--- Data extracts Enclosed Below ---

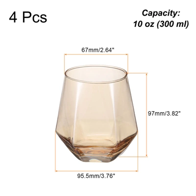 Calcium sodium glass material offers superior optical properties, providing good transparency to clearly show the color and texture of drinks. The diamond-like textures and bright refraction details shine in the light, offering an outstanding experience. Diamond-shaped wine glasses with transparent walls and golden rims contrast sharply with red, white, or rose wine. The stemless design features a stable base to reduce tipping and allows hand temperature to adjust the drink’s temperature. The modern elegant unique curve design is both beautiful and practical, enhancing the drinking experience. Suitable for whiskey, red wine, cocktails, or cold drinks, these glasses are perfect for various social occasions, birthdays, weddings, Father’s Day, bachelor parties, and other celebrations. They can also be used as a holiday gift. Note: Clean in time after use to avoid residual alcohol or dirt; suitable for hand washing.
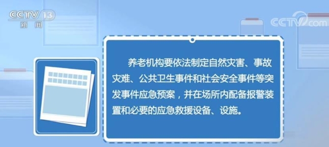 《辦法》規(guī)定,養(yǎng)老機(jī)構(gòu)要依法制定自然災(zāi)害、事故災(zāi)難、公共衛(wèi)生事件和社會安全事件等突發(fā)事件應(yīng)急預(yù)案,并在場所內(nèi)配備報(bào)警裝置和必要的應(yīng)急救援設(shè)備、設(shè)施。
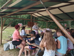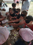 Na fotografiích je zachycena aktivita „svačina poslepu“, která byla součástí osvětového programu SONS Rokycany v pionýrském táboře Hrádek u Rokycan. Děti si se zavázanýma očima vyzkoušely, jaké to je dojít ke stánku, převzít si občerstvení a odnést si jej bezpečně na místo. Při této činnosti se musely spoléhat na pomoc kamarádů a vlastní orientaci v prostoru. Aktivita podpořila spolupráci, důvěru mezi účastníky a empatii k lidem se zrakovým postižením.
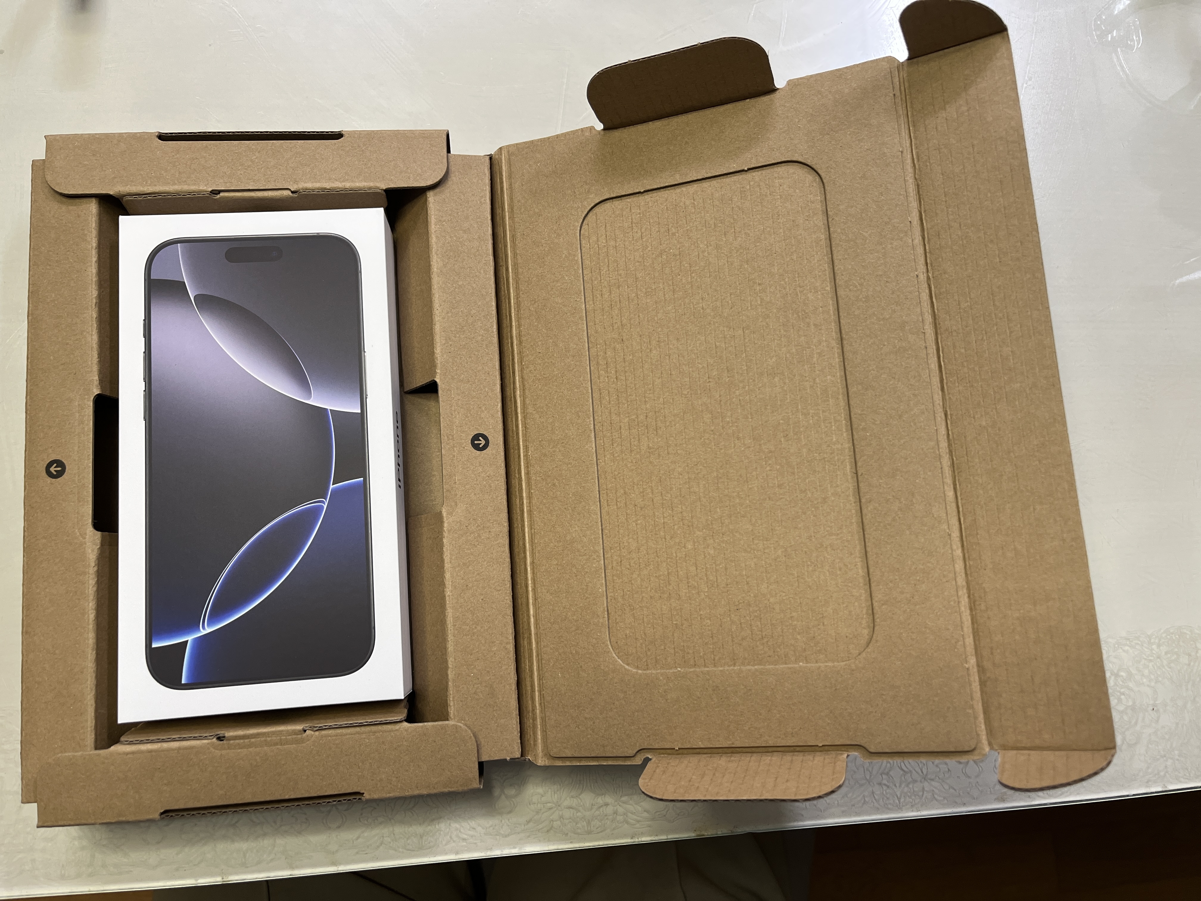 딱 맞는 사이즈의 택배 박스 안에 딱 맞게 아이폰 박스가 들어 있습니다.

--- End of Enclosed Data extracts ---
--- Data extracts Enclosed Below ---

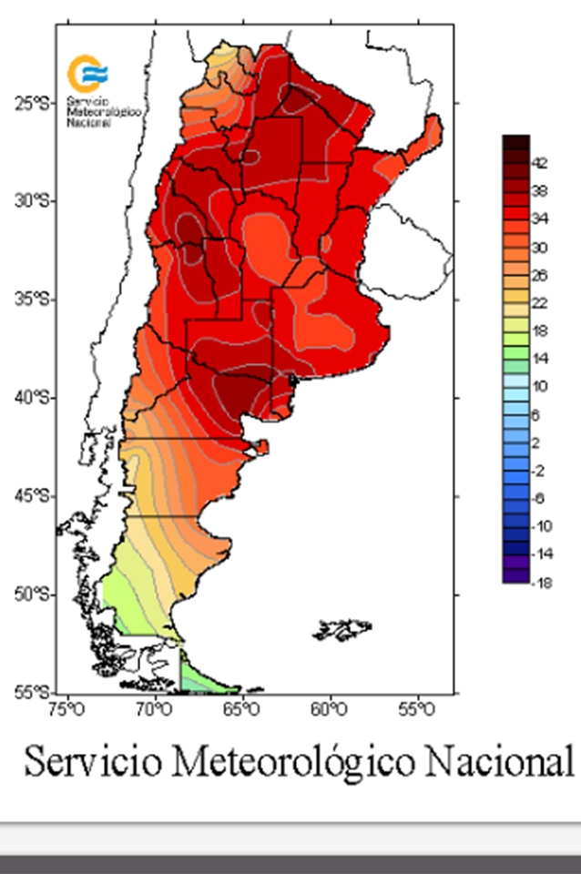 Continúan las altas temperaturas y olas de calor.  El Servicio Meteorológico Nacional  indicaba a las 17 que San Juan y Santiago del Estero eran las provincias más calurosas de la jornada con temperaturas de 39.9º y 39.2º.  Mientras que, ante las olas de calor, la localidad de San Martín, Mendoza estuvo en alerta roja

--- End of Enclosed Data extracts ---
--- Data extracts Enclosed Below ---

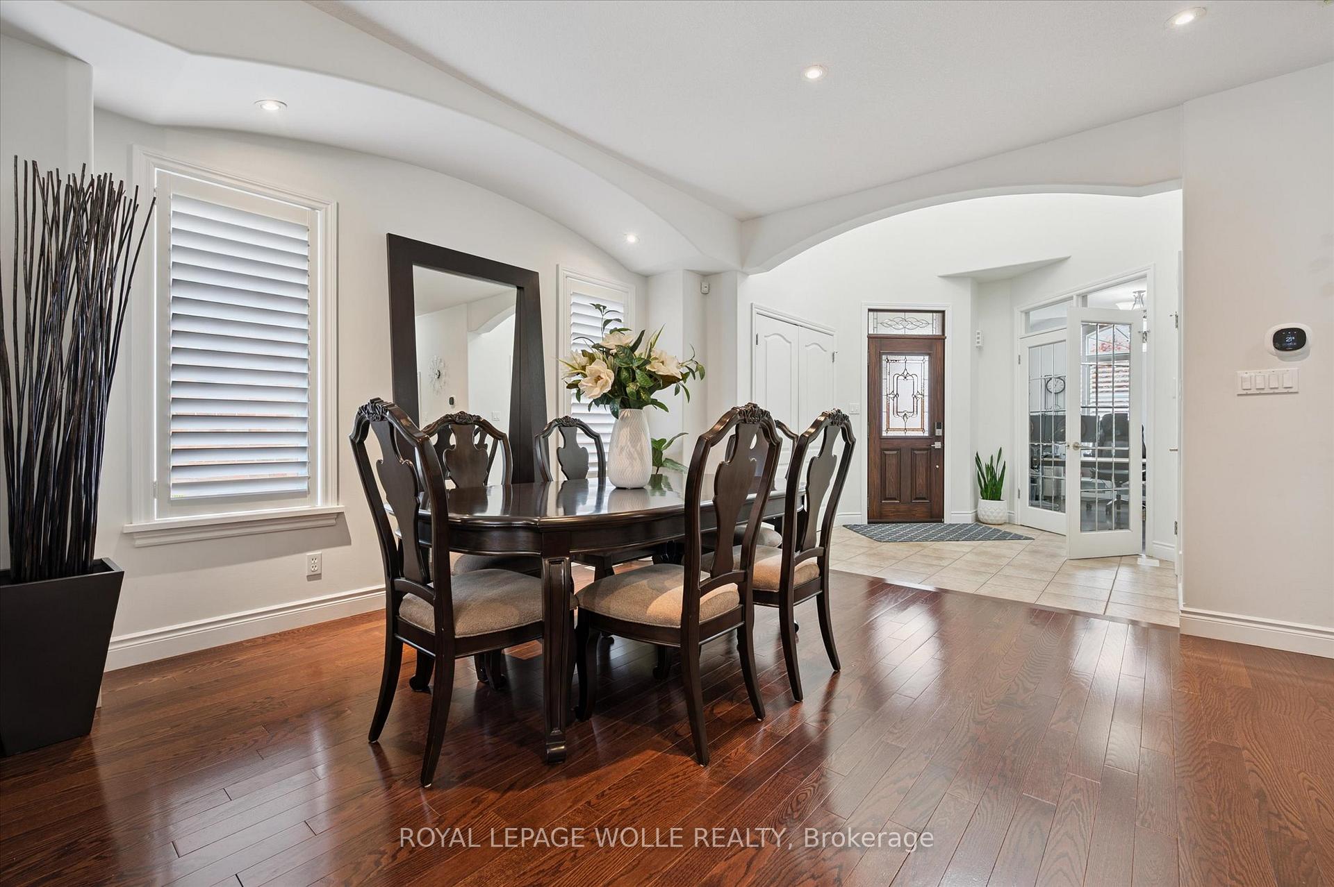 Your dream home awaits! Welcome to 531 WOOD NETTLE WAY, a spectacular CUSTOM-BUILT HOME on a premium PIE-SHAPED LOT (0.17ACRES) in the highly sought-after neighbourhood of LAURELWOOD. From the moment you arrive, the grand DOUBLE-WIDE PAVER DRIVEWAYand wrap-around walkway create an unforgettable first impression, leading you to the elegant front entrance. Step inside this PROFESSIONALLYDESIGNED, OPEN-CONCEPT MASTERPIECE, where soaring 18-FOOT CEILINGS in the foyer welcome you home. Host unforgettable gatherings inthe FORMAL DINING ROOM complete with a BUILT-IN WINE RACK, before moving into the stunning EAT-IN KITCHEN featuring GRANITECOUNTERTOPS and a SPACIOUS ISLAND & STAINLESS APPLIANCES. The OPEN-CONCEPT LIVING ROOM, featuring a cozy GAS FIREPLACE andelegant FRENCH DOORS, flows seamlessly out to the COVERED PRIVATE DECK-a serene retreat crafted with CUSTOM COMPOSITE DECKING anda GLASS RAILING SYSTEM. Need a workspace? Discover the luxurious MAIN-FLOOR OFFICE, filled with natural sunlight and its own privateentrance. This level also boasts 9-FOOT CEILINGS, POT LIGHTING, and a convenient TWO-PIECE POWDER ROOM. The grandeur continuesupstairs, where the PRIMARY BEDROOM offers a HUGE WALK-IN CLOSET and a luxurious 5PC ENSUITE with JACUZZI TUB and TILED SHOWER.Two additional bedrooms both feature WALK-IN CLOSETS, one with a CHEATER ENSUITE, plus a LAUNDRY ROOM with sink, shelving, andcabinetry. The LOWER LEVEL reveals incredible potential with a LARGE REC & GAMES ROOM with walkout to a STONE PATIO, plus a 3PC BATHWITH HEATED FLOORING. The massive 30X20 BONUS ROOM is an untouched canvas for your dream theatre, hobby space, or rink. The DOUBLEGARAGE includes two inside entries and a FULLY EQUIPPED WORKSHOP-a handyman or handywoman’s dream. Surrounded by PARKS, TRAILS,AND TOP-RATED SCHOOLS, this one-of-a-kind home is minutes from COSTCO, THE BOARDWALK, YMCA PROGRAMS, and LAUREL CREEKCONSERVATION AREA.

--- End of Enclosed Data extracts ---

#### Assignment
Make an exact copy of the lines above, beginning with the line with "Calcium sodium glass" and ending with the line with "Na fotografiích je", and keep the pictures out of it.

#### Solution to the exercise
 Calcium sodium glass material offers superior optical properties, providing good transparency to clearly show the color and texture of drinks. The diamond-like textures and bright refraction details shine in the light, offering an outstanding experience. Diamond-shaped wine glasses with transparent walls and golden rims contrast sharply with red, white, or rose wine. The stemless design features a stable base to reduce tipping and allows hand temperature to adjust the drink’s temperature. The modern elegant unique curve design is both beautiful and practical, enhancing the drinking experience. Suitable for whiskey, red wine, cocktails, or cold drinks, these glasses are perfect for various social occasions, birthdays, weddings, Father’s Day, bachelor parties, and other celebrations. They can also be used as a holiday gift. Note: Clean in time after use to avoid residual alcohol or dirt; suitable for hand washing.
 《辦法》規(guī)定,養(yǎng)老機(jī)構(gòu)要依法制定自然災(zāi)害、事故災(zāi)難、公共衛(wèi)生事件和社會安全事件等突發(fā)事件應(yīng)急預(yù)案,并在場所內(nèi)配備報(bào)警裝置和必要的應(yīng)急救援設(shè)備、設(shè)施。
 Na fotografiích je zachycena aktivita „svačina poslepu“, která byla součástí osvětového programu SONS Rokycany v pionýrském táboře Hrádek u Rokycan. Děti si se zavázanýma očima vyzkoušely, jaké to je dojít ke stánku, převzít si občerstvení a odnést si jej bezpečně na místo. Při této činnosti se musely spoléhat na pomoc kamarádů a vlastní orientaci v prostoru. Aktivita podpořila spolupráci, důvěru mezi účastníky a empatii k lidem se zrakovým postižením.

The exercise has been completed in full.